The .groups parameter of the summarize function determines whether grouping you use should be dropped (.groups = "drop", table become a single ungrouped table) or kept (.groups = "keep"). You will get a warning, if you do not specify .groups parameter, so it is a good idea to do this explicitly. In general, use .groups = "drop" as it is better to later regroup table again then work on a groupped table without realizing it (leads to some weird looking output and a tricky to chase problem). You can also explicitly drop grouping via ungroup() verb.
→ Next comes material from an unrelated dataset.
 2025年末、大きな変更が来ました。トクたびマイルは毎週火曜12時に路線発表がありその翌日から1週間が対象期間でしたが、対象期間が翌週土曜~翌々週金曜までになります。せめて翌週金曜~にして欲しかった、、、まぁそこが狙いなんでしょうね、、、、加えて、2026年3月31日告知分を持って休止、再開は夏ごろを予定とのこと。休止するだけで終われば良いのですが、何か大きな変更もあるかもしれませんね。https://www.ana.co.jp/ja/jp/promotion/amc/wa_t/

Finally, there is a cousin verb rowwise() that groups by row. I.e., every row of the table becomes its own group, which could be useful if you need to apply a computation per row and the usual mutate() approach does not work (however, this is something of an advanced topic, so it is more about recognizing it than using it).

Do exercise 11.

You can replicate the functionality of group_by + summarize in base R via aggregate() and group_by + mutate via by functions. However, they are somewhat less straightforward in use as they rely on functional programming (which you haven’t learned about yet) and require both grouping and summary function within a single call. Hence, we will skip on those.
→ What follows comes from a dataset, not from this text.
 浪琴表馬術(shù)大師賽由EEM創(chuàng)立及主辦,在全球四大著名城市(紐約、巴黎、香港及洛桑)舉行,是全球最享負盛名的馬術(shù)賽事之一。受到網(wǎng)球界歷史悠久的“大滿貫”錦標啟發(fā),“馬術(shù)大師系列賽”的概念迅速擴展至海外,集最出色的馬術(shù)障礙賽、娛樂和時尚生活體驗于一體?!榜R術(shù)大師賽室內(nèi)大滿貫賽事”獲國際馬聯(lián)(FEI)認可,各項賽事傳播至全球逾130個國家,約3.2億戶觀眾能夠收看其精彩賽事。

6.10 Putting it all together

Now you have enough tools at your disposal to start programming a continuous analysis pipeline!

Do exercise 12.

6.11 Should I use Tidyverse?

As you saw above, whatever Tidyverse can do, base R can do as well. So why use a non-standard family of packages? If you are using each function in isolation, there is probably not much sense in this. Base R can do it equally well and each individual function is also compact and simple. However, if you need to chain your computation, which is almost always the case, Tidyverse’s ability to pipe the entire sequence of functions in a simple consistent and, therefore, easy to understand way is a game-changer. In the long run, pick your style. Either go “all in” with Tidyverse (that is my approach), stick to base R, or find some alternative package family (e.g., data.table). However, as far as the book is concerned, it will be almost exclusively Tydiverse from now on.